Showing posts with label garden. Show all posts
Showing posts with label garden. Show all posts

Thursday, 13 June 2013

An F-16 in our garden..


We acquire skills either in the training simulator or by repetition which, in time, initiates the same sub-conscious response under specific conditions. It's what makes us who we are.

Often accused of intolerable inattention on the roads or whenever outdoors, the sub-conscious impulse to scan the skies for whatever might catch my eye is an instilled habit. Occasionally the rewards are immeasurable.
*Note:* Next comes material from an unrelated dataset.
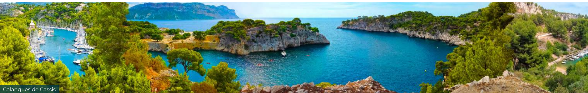
Calanques de Cassis

Whilst running the dogs in our garden, as is our way each morning, routine scanning of the skies revealed a young female Falco in our Eucalyptus tree; a beacon in our area, despised by the neighbours and enjoyed by all things avian. Contemplating us quietly and then later the gangs of G. Go-away-birds, bulbuls & zosterops which mobbed her mercilessly, she spent the morning unmoved, preening & completely at ease.

She's species 102 in our Sandton garden. Our current avian residents of shrub, scrub, bush & tree will have to look to the skies for from out-of-the-sun lurks a living Fighting Falcon on the dive for the inattentive...

Tuesday, 29 January 2013

European Nightjar - a scarce eastern race in Johannesburg


C.e.plumipes! What is fast becoming a catchphrase in local twitching parlance '...in Malcolm's Garden' was again in the limelight with the discovery of a European Nightjar, remarkable in itself but made more so by the scarcity of this bird's race. This one speaks 'Gobi'  [ie: from eastern Asia]. I'd seen this bird yesterday but under the best conditions the Caprimulgiformes (Family Caprimulgidae) or 'goat-suckers' [Don't ask me why...] are difficult to ID. Break that down further into race and it gets quite tricky.
C.e.plumipes - male

We were reasonably confident that the bird roosting in 'Malcolm's Garden' was the sandy-coloured C.e.plumipes and a male. In the hand that would have been relatively easy to confirm. Males have large white spots on the primaries. The tarsi are also more 'heavily-feathered' than the other races. Looking through the glass, however, is more difficult. The only way to confirm with any conviction that this bird was not the more common C.e.unwini was to check the barring on the upper tail which proved impossible yesterday given the bird's propensity to roost 'longitudinally' and the elevation of the slope out back.

Fortunately last night's storm didn't seem to phase the bird much and it was rediscovered, this morning, close by. Even though getting decent pictures proved interesting, we were, however, able to confirm the bird's race. An unexpected bonus and number 373 for our 2013 - 800 Challenge.